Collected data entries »
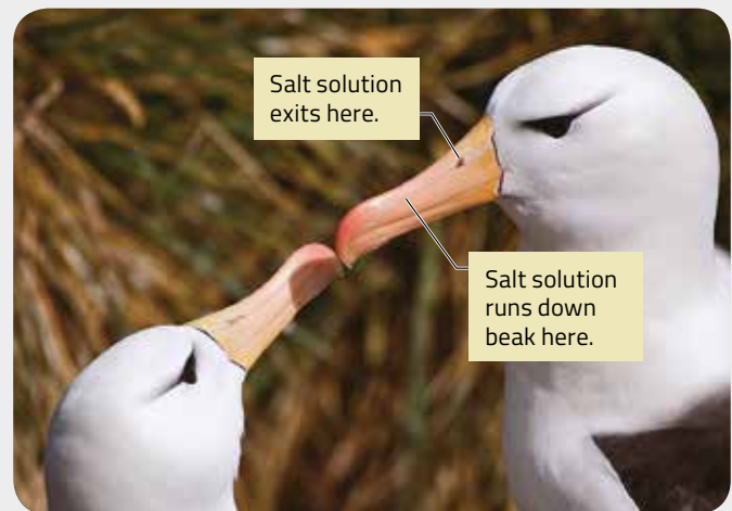
Figure 2 Marine birds and reptiles are apt to have salt gland to pump excess salt.
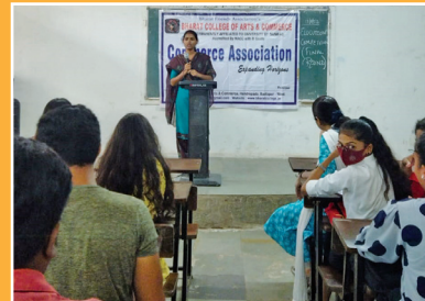
At the Bharat College of Arts & Commerce, Badlapur.
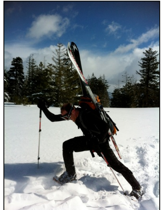
Working hard on the flats...

For those of you who long for the Spring weather, it finally appears to be here. Me? I'm already tired of those outside chores and the spring peepers and gobblers are again keeping me awake at night. No, I'm not complaining, I enjoy the weather and the sound of the peepers, but I just need sleep. Oh, how I miss the snow season. I'm already looking forward to the next ski season and your ski club representatives are also very hard at work getting ready for next years ski season. Keep a careful eye on your email to find out all the details on next year's extended trips. The current plans appear to have something for everyone.
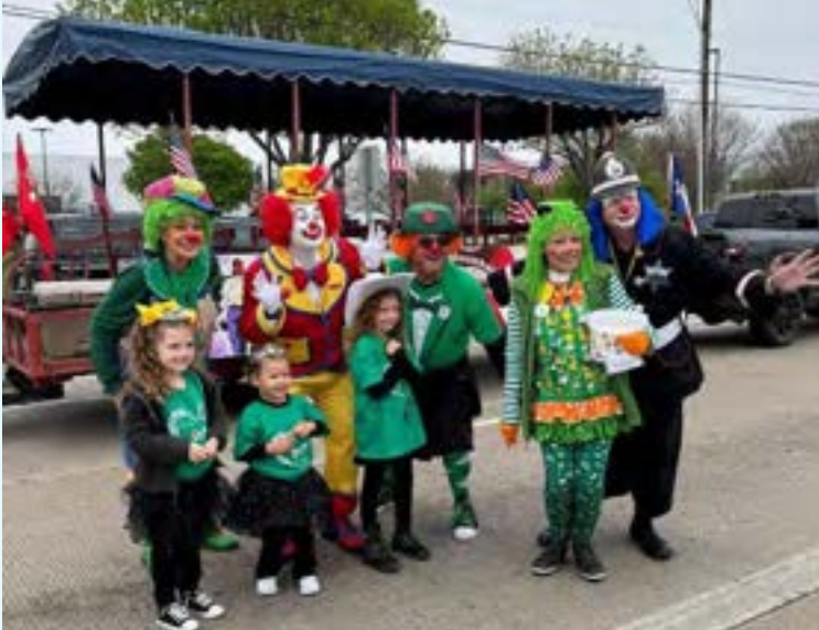
Moslah Clowns entertained the crowd as the floats lined up.

It was a rainy day, but as expected, Moslah showed up! Several units bundled up and made the trek down Main St. to get the fez out in front of the public!
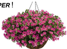
Pink (item #6)

Mixed Color Calibrachoa Baskets Many Striking Combos Growers Choice (item #7)
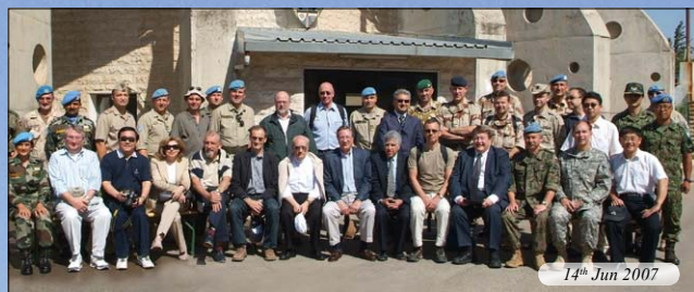
Ambassadors Day B-Side
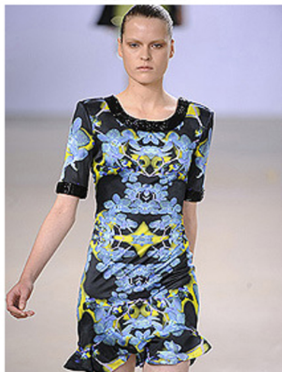
Matthew Williamson spring/summer 2010
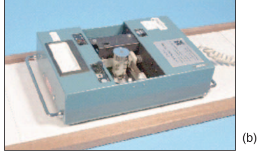
Figure 6 Sled-type tests (a) The FSC2000 (b) the Tortus test
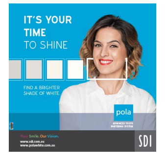
POLA CEILING TILE Reorder M100293
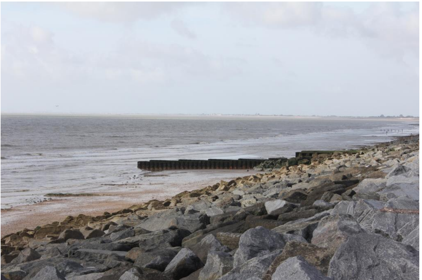
The shoreline and canal cutting outfall

Black Redstart, Wheatear and Rock Pipit have occurred on the seawall on passage, as has a Shore Lark in November 2015.
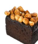
CHOC MACADAMIA CARAMEL ฿170
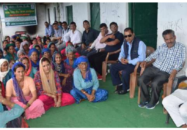
Participant of villagers and others duting the programme at Panchyati Bhawan, Khola on 29st July 2018
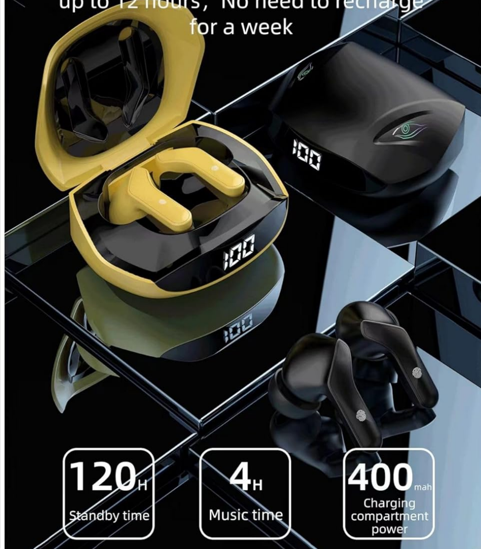
Image: Illustration of the DUDAO U16H earbuds and charging case, highlighting the long continuous listening time and battery capacity (120H standby, 4H music time per charge, 400mAh case power).

With the charging compartment you can listen to songs continuously for up to 12 hours, No need to recharge for a week
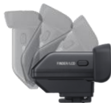
FDA-EV1MK Electronic Viewfinder Kit 2,359k dots XGA OLED Tru-Finder
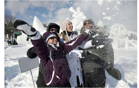
International Program 2019/20
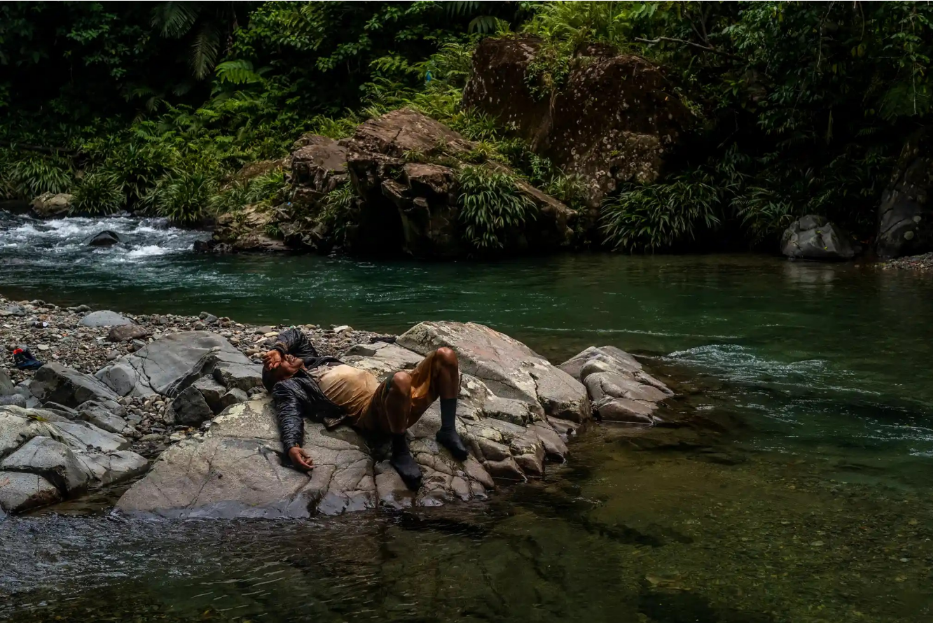
Melting planet . . . Ragnar Axelsson's photo of the Kýtluþýkull glacier, in Iceland, looks at the melting and retreating landscape — and how the people living in the Arctic cope with changing temperatures
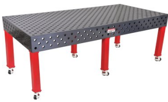
W08260 3000 x 1500mm M28 Pro Series Welding Table
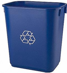
Desk-side recycling bin
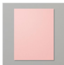
Blushing Bride 8-1/2\" X 11\" Cardstock - 131198
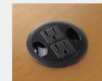
Standard 3" Round power grommet

Route technology through the base directly to the tabletop with optional power grommets.
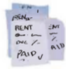
Proof of what you've paid & what you still owe
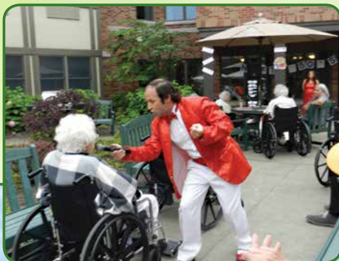
Happy Days performing at the Sock Hop Saint Mary's East

The Activity and Dietary Departments at Saint Mary's East planned a "Sock Hop" that was highlighted by an entertaining concert from the group, Happy Days. Residents and guests enjoyed this 1950s themed event in one of the beautiful courtyards at the East Campus. Employees and Volunteers dressed for the occasion and served ice cream sodas throughout the concert.
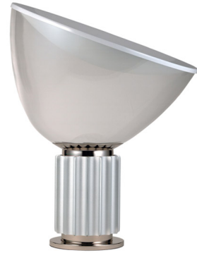
FU660004 Anodized Aluminum
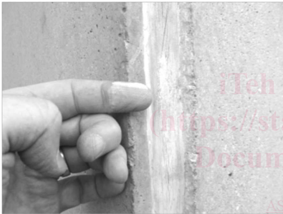
chalking, v—in building construction , formation of a powder on the surface of a sealant that is caused by the disintegration of the polymer or binding medium due to weathering.

Brief » Line count for "Moslah": count the lines of the records above that contain it and give only the number.

Solution to the problem » 2